Profession : nettoyeurs de rivière. Voici comment un duo ultra-déterminé lutte à mains nues contre la bêtise humaine. Qui va l’emporter ? On parie ?
La première fois que nous avons rencontré Ann-Laure Furnelle, elle avait le nombril dans la Dyle et pêchait des déchets près d’un petit barrage rempli de saloperies en plastique et de ballons. Elle a crié d’une voix rauque :
- Ah, c’est vous, le journaliste qui enquête sur le béton et l’eau dans la région. C’est bien… Y’a beaucoup à raconter. Mais moi, j’vous ai jamais vu dans la rivière, hein. Faut venir à une de nos activités. Suffit de s’inscrire sur notre site. Vous comprendrez mieux.
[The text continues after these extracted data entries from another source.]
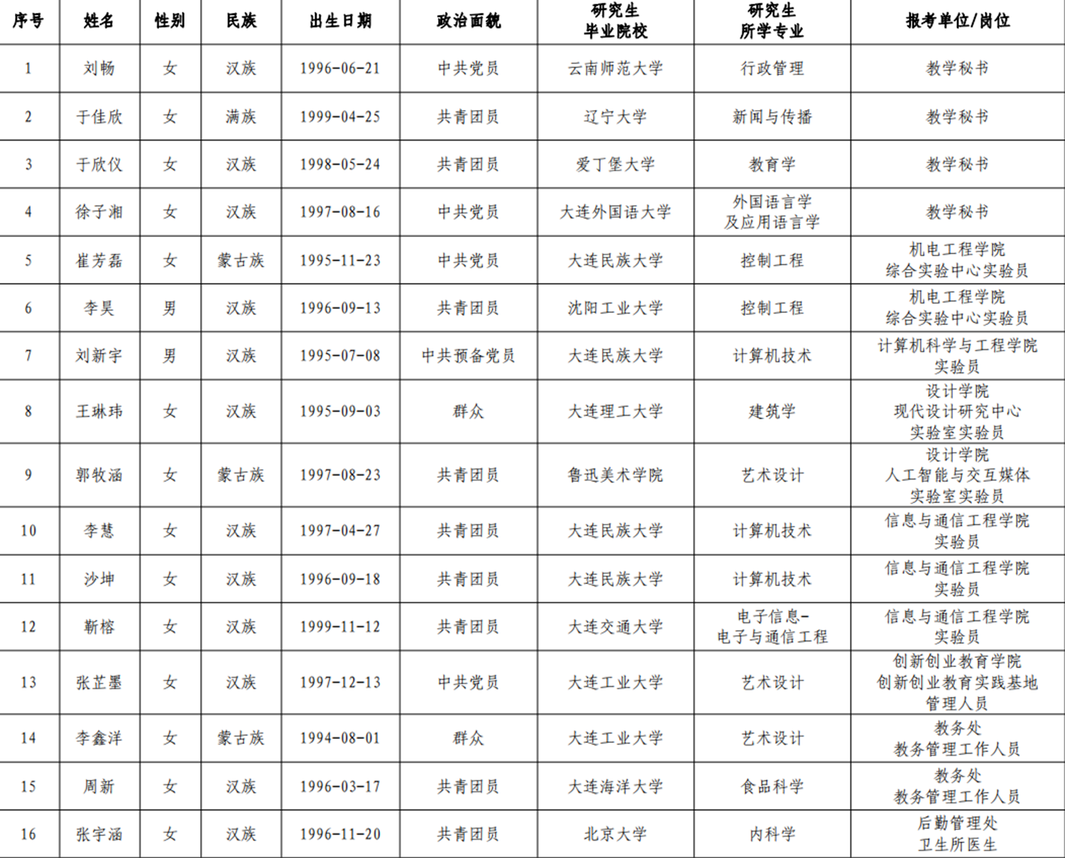 根据《大连民族大学2024年春季学期公开招聘劳动合同制人员公告》,通过个人报名、资格审查、笔试、面试等环节,经校长办公会研究,现将拟聘用人员公示如下:
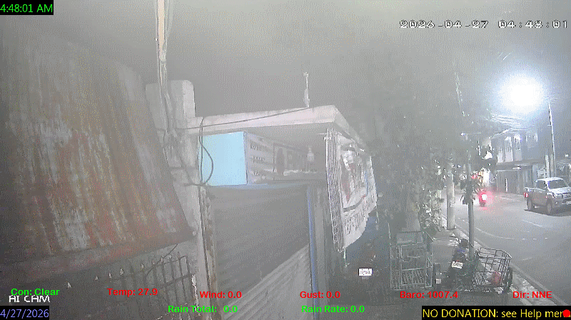 1 Rain season in the Philippines: June 1st to Oct 31st.   5 Estimated amount of water needed to replace the water used by plants and evaporation from the past week. (Negative numbers mean amount of water needed, positive numbers mean excess water is present).   6 Air Quality Index is provided by Luftdaten System esp8266 and is updated every 5 mins..   10 Historical average only to day 27 of just the month of April for this station since 2017.   11 Historical average rain this season to day 27 of April for this station since 2017.
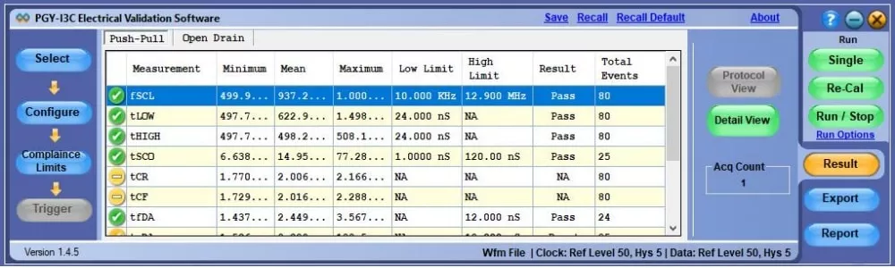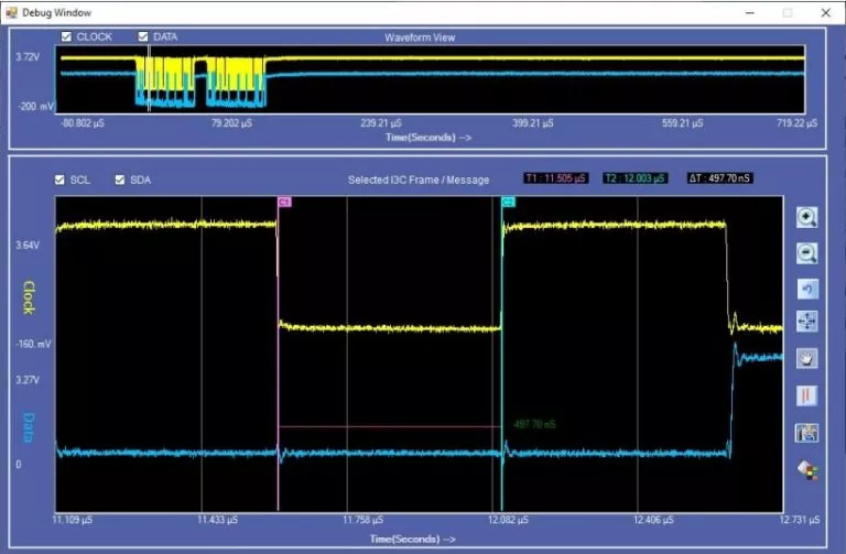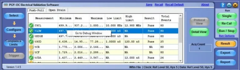 PGY-I3C-EV Software provides two types of debugging capabilities. In one of them, the worst-case result can be selected and linked directly to the waveform as shown here. The software provides the flexibility to define the number of acquisitions and the results will include worst-case results for all these acquisitions. The software can link the worst-case results to corresponding waveform acquisition using a simple right click of a mouse.

En septembre 2023, Ann-Laure, son compagnon Marc Verheyden, deux autres salariés et une poignée de bénévoles de l’asbl Aer Aqua Terra, fondée il y a six ans, ont chaussé leurs wadders – de longues bottes de pêcheurs – à Genappe où la Dyle sort de terre. Là, si près de la source, ils ont sorti de l’eau une tonne de lingettes en une dizaine de jours. Résultat : elle a lancé un nouveau coup de gueule, qui résonne dans la vallée. Tout le monde connaît cette forte personnalité, ce caractère bien trempé dans ce sous-bassin versant de l’Escaut où l’état de la rivière et de ses affluents reste globalement lamentable.
« En termes de déchets, dit-elle, je n’ai pas encore trouvé de chancre aussi grave que le Brabant wallon. Le lit de la rivière est un matelas tapissé de déchets. Ils ne …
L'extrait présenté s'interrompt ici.